→ **PROBLEM STATEMENT**: Retype each line exactly as it stands, beginning at the first line of the material and finishing with the line that contains "Short sleeveless tweed".

→ **DATASET ENTRIES**:
+ + + +
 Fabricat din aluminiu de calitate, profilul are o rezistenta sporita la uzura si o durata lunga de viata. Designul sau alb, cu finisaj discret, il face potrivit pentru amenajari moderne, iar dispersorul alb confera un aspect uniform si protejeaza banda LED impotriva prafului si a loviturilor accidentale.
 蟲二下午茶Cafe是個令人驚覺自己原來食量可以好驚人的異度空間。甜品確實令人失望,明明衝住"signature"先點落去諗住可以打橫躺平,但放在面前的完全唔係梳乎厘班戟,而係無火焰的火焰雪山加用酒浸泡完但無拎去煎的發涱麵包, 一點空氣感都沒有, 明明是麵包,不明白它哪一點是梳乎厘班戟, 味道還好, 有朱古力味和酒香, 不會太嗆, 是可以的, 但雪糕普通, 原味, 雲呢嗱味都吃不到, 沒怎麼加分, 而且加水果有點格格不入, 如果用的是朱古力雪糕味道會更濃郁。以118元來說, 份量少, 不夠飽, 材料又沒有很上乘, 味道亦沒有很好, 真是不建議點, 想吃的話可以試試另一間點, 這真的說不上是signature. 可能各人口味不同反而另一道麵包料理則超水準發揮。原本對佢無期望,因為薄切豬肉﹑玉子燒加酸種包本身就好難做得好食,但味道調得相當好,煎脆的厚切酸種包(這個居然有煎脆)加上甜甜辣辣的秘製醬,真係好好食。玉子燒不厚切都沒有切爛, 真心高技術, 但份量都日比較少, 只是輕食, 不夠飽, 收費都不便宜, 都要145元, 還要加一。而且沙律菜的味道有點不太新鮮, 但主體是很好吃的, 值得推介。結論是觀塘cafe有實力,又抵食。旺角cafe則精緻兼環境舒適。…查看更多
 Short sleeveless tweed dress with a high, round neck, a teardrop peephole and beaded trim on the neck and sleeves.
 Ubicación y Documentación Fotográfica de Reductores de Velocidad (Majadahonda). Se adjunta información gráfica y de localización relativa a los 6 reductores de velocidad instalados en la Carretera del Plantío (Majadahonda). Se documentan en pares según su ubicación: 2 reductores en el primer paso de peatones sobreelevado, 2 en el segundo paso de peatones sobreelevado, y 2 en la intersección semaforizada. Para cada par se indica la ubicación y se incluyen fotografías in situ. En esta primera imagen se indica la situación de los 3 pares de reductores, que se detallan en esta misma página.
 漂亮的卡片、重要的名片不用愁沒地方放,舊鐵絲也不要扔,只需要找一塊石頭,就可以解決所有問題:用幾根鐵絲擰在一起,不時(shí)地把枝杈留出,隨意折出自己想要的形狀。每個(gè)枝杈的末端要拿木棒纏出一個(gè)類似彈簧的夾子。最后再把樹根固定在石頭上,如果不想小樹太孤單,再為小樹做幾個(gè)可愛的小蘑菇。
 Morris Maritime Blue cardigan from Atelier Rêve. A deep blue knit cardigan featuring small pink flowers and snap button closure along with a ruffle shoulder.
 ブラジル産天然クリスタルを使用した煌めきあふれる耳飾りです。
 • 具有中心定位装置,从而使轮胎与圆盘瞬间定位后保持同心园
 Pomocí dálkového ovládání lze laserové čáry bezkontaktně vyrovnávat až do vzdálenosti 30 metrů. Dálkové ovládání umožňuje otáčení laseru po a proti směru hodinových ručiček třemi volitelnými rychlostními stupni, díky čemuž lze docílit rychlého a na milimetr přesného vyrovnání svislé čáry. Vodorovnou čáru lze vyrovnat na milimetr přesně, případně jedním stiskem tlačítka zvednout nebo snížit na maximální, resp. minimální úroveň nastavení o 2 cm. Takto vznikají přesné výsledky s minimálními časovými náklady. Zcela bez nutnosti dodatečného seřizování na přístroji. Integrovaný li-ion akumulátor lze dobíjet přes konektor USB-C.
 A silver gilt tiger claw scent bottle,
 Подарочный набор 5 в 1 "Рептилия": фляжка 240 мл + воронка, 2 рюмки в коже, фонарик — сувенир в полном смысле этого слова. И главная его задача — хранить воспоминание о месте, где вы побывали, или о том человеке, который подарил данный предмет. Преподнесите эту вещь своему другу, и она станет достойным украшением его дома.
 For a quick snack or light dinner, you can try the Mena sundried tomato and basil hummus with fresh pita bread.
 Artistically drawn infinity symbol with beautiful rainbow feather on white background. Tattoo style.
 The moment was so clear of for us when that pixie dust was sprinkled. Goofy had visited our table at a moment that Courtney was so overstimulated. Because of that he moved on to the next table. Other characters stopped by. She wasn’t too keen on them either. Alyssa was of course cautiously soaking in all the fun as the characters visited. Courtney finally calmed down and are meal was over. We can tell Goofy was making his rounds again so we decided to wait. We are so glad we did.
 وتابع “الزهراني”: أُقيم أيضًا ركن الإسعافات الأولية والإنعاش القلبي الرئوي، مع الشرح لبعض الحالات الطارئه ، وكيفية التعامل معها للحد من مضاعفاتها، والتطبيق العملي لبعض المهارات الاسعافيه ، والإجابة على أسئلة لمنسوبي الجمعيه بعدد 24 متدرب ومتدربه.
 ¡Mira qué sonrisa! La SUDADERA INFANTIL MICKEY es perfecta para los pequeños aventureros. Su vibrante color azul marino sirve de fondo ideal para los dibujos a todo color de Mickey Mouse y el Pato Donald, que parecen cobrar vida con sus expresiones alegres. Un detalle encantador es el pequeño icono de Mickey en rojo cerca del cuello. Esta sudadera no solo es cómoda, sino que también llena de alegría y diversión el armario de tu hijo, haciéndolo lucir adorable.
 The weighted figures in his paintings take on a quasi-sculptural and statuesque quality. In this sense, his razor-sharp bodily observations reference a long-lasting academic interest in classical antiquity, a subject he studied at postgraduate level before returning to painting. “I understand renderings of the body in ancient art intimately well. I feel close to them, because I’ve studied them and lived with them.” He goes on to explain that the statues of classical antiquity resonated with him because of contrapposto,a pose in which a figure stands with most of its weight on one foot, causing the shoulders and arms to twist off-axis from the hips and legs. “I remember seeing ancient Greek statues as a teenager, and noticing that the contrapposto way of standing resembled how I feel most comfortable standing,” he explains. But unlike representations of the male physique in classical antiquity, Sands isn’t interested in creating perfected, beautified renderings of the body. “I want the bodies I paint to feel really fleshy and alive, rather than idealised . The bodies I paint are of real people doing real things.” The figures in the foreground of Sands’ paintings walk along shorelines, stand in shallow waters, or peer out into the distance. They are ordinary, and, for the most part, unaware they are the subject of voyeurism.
+ + + +
→ **SOLUTION FOR THIS PROBLEM**:
 Fabricat din aluminiu de calitate, profilul are o rezistenta sporita la uzura si o durata lunga de viata. Designul sau alb, cu finisaj discret, il face potrivit pentru amenajari moderne, iar dispersorul alb confera un aspect uniform si protejeaza banda LED impotriva prafului si a loviturilor accidentale.
 蟲二下午茶Cafe是個令人驚覺自己原來食量可以好驚人的異度空間。甜品確實令人失望,明明衝住"signature"先點落去諗住可以打橫躺平,但放在面前的完全唔係梳乎厘班戟,而係無火焰的火焰雪山加用酒浸泡完但無拎去煎的發涱麵包, 一點空氣感都沒有, 明明是麵包,不明白它哪一點是梳乎厘班戟, 味道還好, 有朱古力味和酒香, 不會太嗆, 是可以的, 但雪糕普通, 原味, 雲呢嗱味都吃不到, 沒怎麼加分, 而且加水果有點格格不入, 如果用的是朱古力雪糕味道會更濃郁。以118元來說, 份量少, 不夠飽, 材料又沒有很上乘, 味道亦沒有很好, 真是不建議點, 想吃的話可以試試另一間點, 這真的說不上是signature. 可能各人口味不同反而另一道麵包料理則超水準發揮。原本對佢無期望,因為薄切豬肉﹑玉子燒加酸種包本身就好難做得好食,但味道調得相當好,煎脆的厚切酸種包(這個居然有煎脆)加上甜甜辣辣的秘製醬,真係好好食。玉子燒不厚切都沒有切爛, 真心高技術, 但份量都日比較少, 只是輕食, 不夠飽, 收費都不便宜, 都要145元, 還要加一。而且沙律菜的味道有點不太新鮮, 但主體是很好吃的, 值得推介。結論是觀塘cafe有實力,又抵食。旺角cafe則精緻兼環境舒適。…查看更多
 Short sleeveless tweed dress with a high, round neck, a teardrop peephole and beaded trim on the neck and sleeves.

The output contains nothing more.